In his recently (2020) published book The Age of Entitlement, Christopher Caldwell, a northeast “intellectual” boldly proclaimed something that few Southerners would dare to say. He declares that the Civil Rights Act of 1964 created, “a rival constitution, with which the original one was frequently incompatible—and the incompatibility would worsen as the civil rights regime was built out.”[1] Mr. Caldwell is associated with numerous opinion-molders in America’s northeast corridor of the elites—such as the Claremont Review of Books, the New York Times, the Weekly Standard, and the Financial Times. He supports his penetrating analysis with clear logic and indisputable data that will warm the hearts of the average conservative—although few will dare to agree publicly. The Age of Entitlement will win him few friends among America’s politically correct ruling elites. A Southerner making such statements would be branded immediately as a closet Klansman sending coded racist messages to his fellow evil Southern racists seeking to restore racial segregation or possibly even African American slavery!

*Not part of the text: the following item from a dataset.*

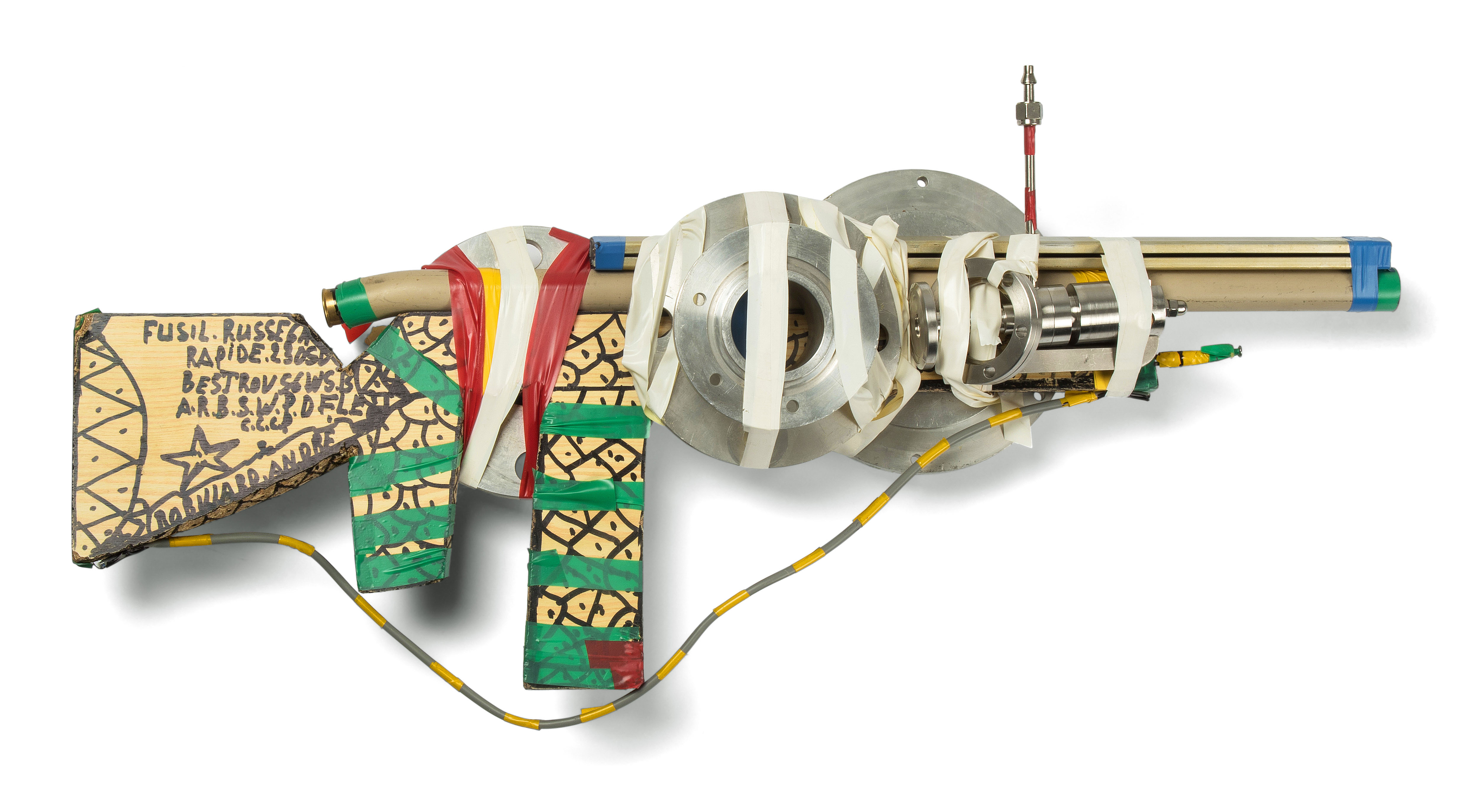 Gewehr. Sperrholz, Patrone, Metall, Kabel, Kleber, Nägel. Auf beiden Seiten des Griffs signiert und bezeichnet: FUSIL RUSSE 64 RAPIDE 230.8.B BESTROVS6W.S A.R.B.S.W.P.D.F C.C.C.P. L 75 cm. -Kleber löst sich teils (ein Metallteil bereits lose).

According to Mr. Caldwell, during the years after the passage of the Civil Rights Act of 1964, America’s entire history as a nation was re-branded as a series of evil efforts to discriminate and exploit racial minorities.[2] As the expanding federal bureaucratic state grew in power, it established a new system of judging and punishing all forms of discrimination.  Gradually the federal bureaucracy moved from race to feminism, gay rights, immigrant rights, and transgender rights. The “prohibition” against any form of discrimination against the federal government’s protected classes meant the death of private property rights, and the death of the First Amendment’s right of freedom of association.[3] He points out that the passage of the 1964 Civil Rights Act and its evolution via leftwing activists, aided by a left-leaning activist federal judiciary, was “a legislative repeal of the First Amendment’s implied right to freedom of association.”[4] Caldwell views the passage of the 1964 Civil Rights Act and the 1965 Voting Rights Act as the “legal” mechanism that allowed leftwing activists to do what the Constitution would not allow.[5]

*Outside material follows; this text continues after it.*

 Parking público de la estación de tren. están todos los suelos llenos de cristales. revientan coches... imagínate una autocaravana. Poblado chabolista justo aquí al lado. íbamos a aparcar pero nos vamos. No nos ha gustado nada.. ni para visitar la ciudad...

The Age of Entitlement describes, as “Revolutions,” the political, judicial, and federal regulatory establishments arising from the Civil Rights legislation of the 1960s. It was a revolution that destroyed the protections enshrined in the Constitution and replaced it with the dictates of the ever-changing ideology of political correctness. Under the guise of Civil Rights, a new American constitution was foisted upon America. It is a new constitution that endorses the principle of governmentally enforced censorship—an America in which one must be very careful about off-hand comments or jokes that might be viewed as producing a hostile and discriminatory environment.[6] Others refer to this form of censorship as “soft censorship,” because it is mainly indirectly enforced by the government. The government uses the threat of judicial or regulatory actions to compel private businesses, organizations, and local governments to self-censor.[7] Under America’s Civil Rights constitution freedom of speech and freedom of association is verboten if it violates America’s new ideology of political correctness.

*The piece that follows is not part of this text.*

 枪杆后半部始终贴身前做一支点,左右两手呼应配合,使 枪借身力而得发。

Under the Civil Rights constitution, all aspects of American life, public as well as private, are now subject to federal control. Minorities that were never considered when the Civil Rights Act was passed now have access to its protection.[8] Illegal immigrants benefited from this new Civil Rights constitution.  Federal unfunded mandates requiring bilingual education arose under the Civil Rights constitution.[9] The Immigration Reform and Control Act of 1986 (IRCA) was foisted upon the American public as a onetime amnesty for illegal immigrants in exchange for severe control measures to prevent future illegal immigration. The Civil Rights Constitution prevented the enforcement of the “Control” measures while allowing amnesty.[10] Under the Civil Rights constitution, a federal judge in California was empowered to nullify the democratic will of the people as expressed in a 1994 ballot initiative, Proposition 187. The proposition required the denial of welfare to illegals; it passed by an eighteen-point landslide.[11] Under America’s Civil Rights constitution, democracy is permitted only if it endorses America’s politically correct ideology.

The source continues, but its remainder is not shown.